Il ministro ha detto agli studenti della Luiss che "l’ora di lavoro è un attrezzo vecchio che non permette l’innovazione". Nuova picconata a quelli che secondo l'ex presidente Legacoop sono miti da sfatare. Giovedì aveva affermato che "la storia secondo cui c’è un posto dove si va a lavorare, la fabbrica, è finita".

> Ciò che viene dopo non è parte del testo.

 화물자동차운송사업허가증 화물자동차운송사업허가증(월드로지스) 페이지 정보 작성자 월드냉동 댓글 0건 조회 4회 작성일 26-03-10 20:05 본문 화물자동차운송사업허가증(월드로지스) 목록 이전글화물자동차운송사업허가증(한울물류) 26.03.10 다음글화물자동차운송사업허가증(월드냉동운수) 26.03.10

“Dovremo immaginare un contratto di lavoro che non abbia come unico riferimento l’ora di lavoro ma la misura dell’apporto dell’opera. L’ora di lavoro è un attrezzo vecchio che non permette l’innovazione”. Dopo l’uscita sulla laurea (meglio finire l’università a 21 anni con 97 che tirarla in lungo per prendere 110 e lode) il ministro del Lavoro Giuliano Poletti è tornato alla carica per demolire quello che, a sua detta, è un altro vecchio mito da sfatare. Quello, cioè, che il lavoratore debba essere pagato in maniera proporzionale all’impegno in termini di tempo, straordinari compresi. Un capitolo chiuso, secondo il ministro. Che sembra favorevole a rispolverare il cottimo, cioè appunto la remunerazione sulla base del risultato. “Si tratta di un tema di cultura su cui dovremo lavorare. E pongo a voi il tema, che siete dei ricercatori”, ha detto Poletti agli studenti della Luiss durante un convegno sul Jobs act.
Giovedì del resto il ministro aveva anticipato una parte del ragionamento sui cambiamenti del mercato del lavoro, affermando che “la storia secondo cui c’è un posto dove si va a lavorare, la fabbrica, è finita. Il lavoro non si fa in un posto: il lavoro è un’attività umana, si fa in mille posti“. L’idea di avere un luogo di lavoro, dunque, per Poletti è superata. Così come, emerge oggi, l’orario.
Nel frattempo l’ex presidente Legacoop ha puntualizzato il suo pensiero di giovedì spiegando in una nota: “Le mie valutazioni erano riferite alla esigenza generale che la società italiana tutta, non i giovani, si chieda se il nostro modo di pensare la relazione tra l’organizzazione sociale, il sistema formativo, il lavoro e l’impresa sia adeguato ai nostri tempi e se offra ai nostri giovani le migliori opportunità per costruirsi un buon futuro. In questo contesto ho riportato, probabilmente in modo troppo crudo, le osservazioni che mi fanno quotidianamente sia le persone che si occupano di ricercare e selezionare le persone per le imprese del nostro Paese, sia molti giovani che fanno esperienze internazionali, secondo cui in Italia si esce mediamente più tardi dal sistema formativo e questo rappresenta una limitazione delle opportunità per i giovani. Tutto qui. Mi piacerebbe che anziché schierarsi, come spesso accade nel nostro Paese, tra partigiani del pro e del contro, si provasse a sviluppare un confronto utile a fare insieme un passo in avanti in direzione della modernizzazione del Paese e nell’interesse dei nostri giovani”.